All of lore.kernel.org
 help / color / mirror / Atom feed
* [PATCH 2/2] dm-snapshot: suspend merging snapshot when doing exception handover
@ 2015-02-26 16:41 Mikulas Patocka
  2015-02-27 19:23 ` Mikulas Patocka
  2015-02-27 20:02 ` Mike Snitzer
  0 siblings, 2 replies; 3+ messages in thread
From: Mikulas Patocka @ 2015-02-26 16:41 UTC (permalink / raw)
  To: Mike Snitzer, Alasdair G. Kergon; +Cc: dm-devel

There was a bug when that resulted in a crash when there were pending
exceptions and snapshot exception store handover was performed at the
same time - and there was a patch that fixed it.

However, a similar problem exists in snapshot merging. When snapshot
merging is in progress, we use the target "snapshot-merge" instead of
"snapshot-origin". Consequently, during exception store handover, we must
find the snapshot-merge target and suspend it's associated md.

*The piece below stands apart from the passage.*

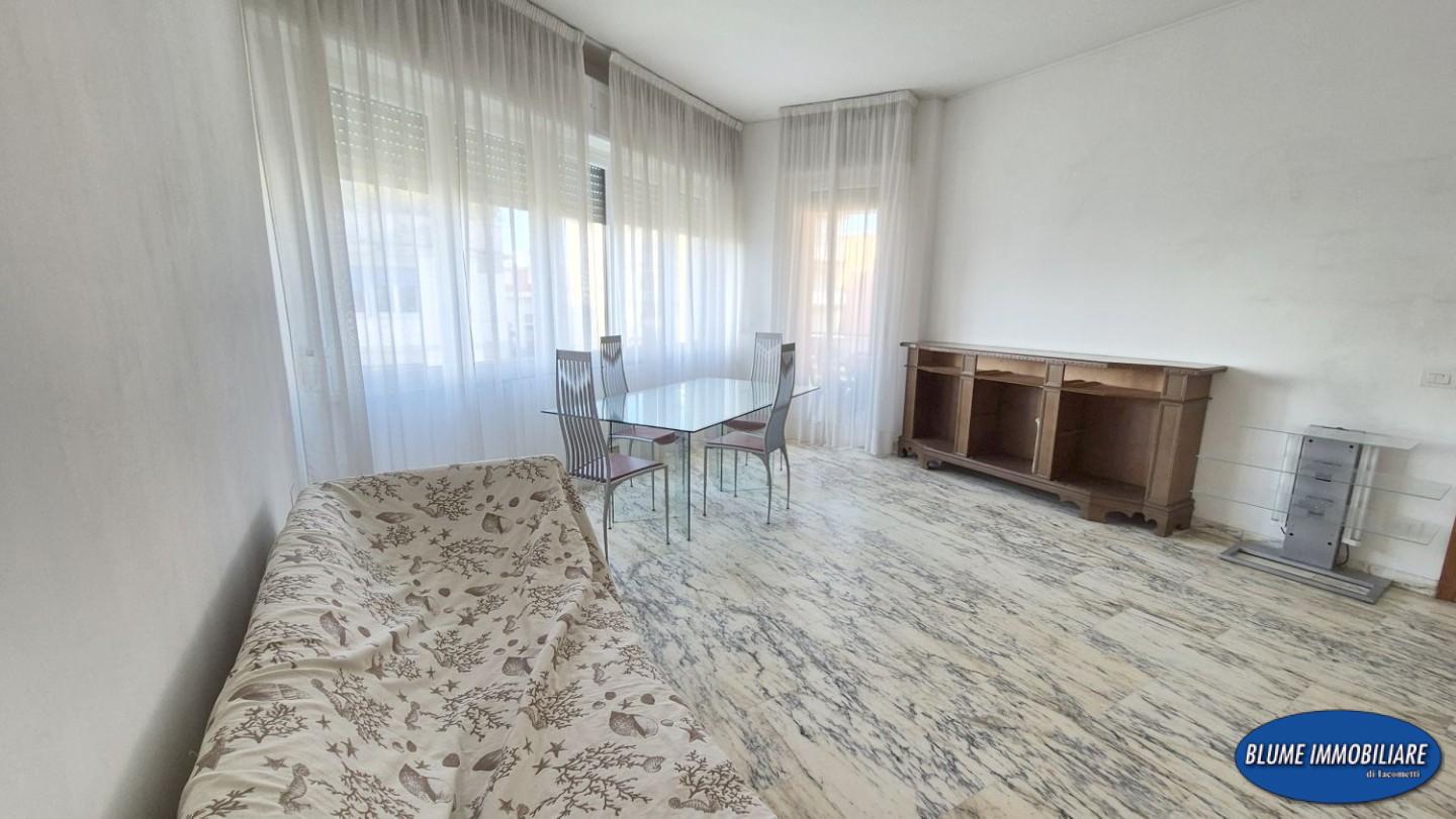 La superficie catastale è di mq. 103. Si compone: ingresso, ampia sala con terrazza comoda, vivibile, con vista mare, disimpegno con armadi, cucina semi abitabile con balcone di servizio con ripostiglio, due camere matrimoniali, ciascuna con accesso a balcone e due bagni finestrati, uno con doccia a l'altro con vasca.

To avoid lockdep warnings, the target must be suspended and resumed
without holding _origins_lock.

This patch introduces a function dm_hold that grabs a reference on
mapped_device, but unlike dm_get, it doesn't crash if the devices has the
flag DMF_FREEING, it returns and error in this case.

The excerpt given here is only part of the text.